— DATA PROVIDED —
▼▼▼
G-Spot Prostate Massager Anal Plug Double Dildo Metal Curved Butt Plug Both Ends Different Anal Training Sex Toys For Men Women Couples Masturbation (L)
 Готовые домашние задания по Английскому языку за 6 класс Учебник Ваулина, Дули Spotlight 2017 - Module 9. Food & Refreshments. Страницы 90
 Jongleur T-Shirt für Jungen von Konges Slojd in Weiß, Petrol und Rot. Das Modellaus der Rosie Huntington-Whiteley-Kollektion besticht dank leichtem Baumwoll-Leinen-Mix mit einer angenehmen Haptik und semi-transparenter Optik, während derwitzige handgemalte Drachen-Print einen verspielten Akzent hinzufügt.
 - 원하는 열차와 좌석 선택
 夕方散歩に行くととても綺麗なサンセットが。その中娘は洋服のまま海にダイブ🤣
▲▲▲
▼▼▼
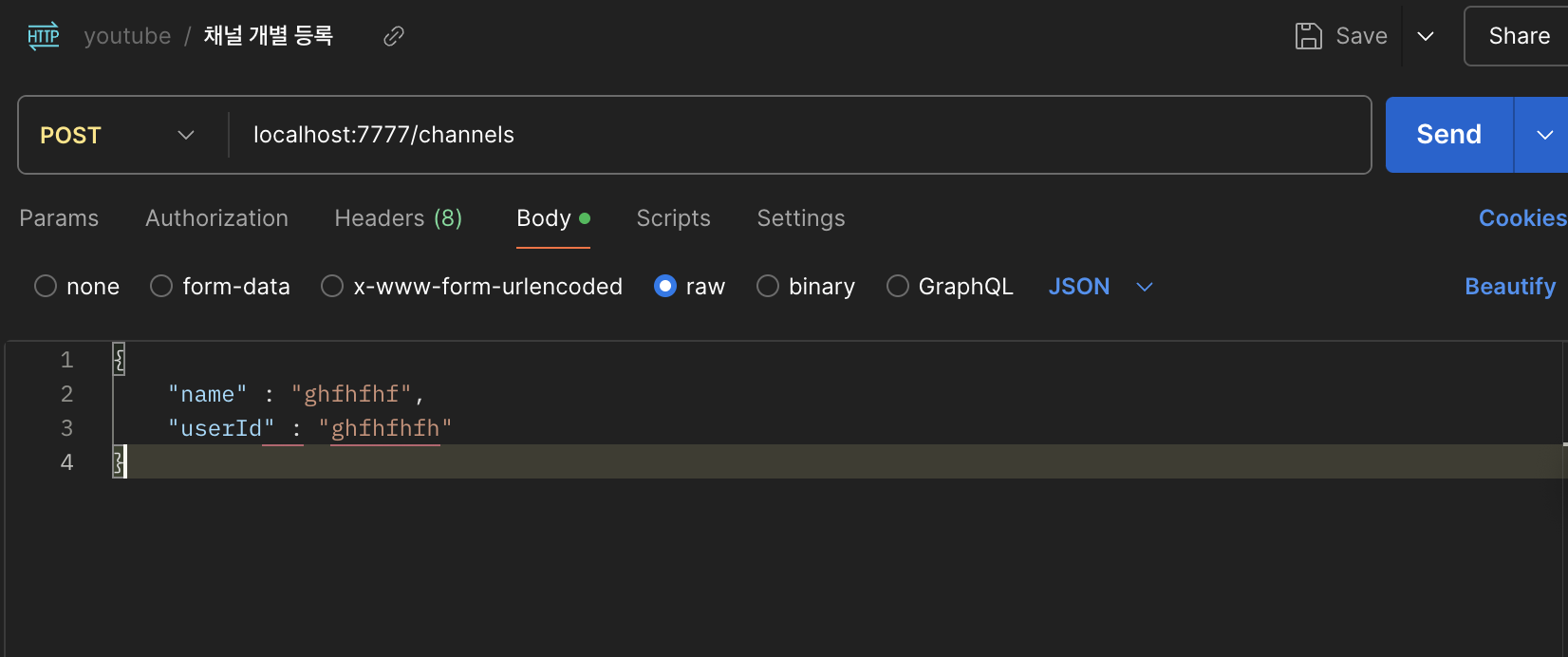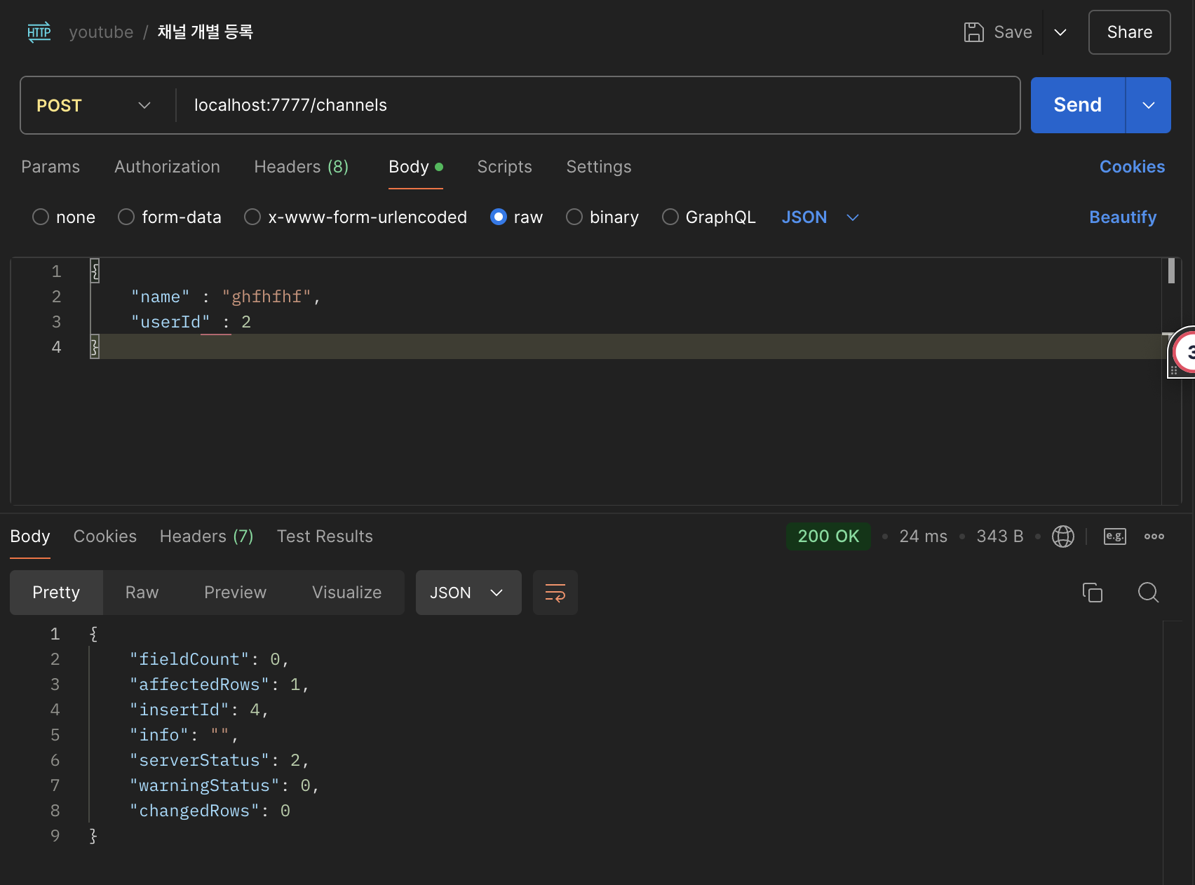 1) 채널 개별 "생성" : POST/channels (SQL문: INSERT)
▲▲▲
— REQUIRED ACTION —
In the listing above, locate the line containing "G-Spot Prostate Massager" and the line containing "夕方散歩に行くととても綺麗なサンセットが。その中娘は洋服のまま海にダイブ🤣", then transcribe both and every line between them verbatim.

— TASK OUTPUT —
G-Spot Prostate Massager Anal Plug Double Dildo Metal Curved Butt Plug Both Ends Different Anal Training Sex Toys For Men Women Couples Masturbation (L)
 Готовые домашние задания по Английскому языку за 6 класс Учебник Ваулина, Дули Spotlight 2017 - Module 9. Food & Refreshments. Страницы 90
 Jongleur T-Shirt für Jungen von Konges Slojd in Weiß, Petrol und Rot. Das Modellaus der Rosie Huntington-Whiteley-Kollektion besticht dank leichtem Baumwoll-Leinen-Mix mit einer angenehmen Haptik und semi-transparenter Optik, während derwitzige handgemalte Drachen-Print einen verspielten Akzent hinzufügt.
 - 원하는 열차와 좌석 선택
 夕方散歩に行くととても綺麗なサンセットが。その中娘は洋服のまま海にダイブ🤣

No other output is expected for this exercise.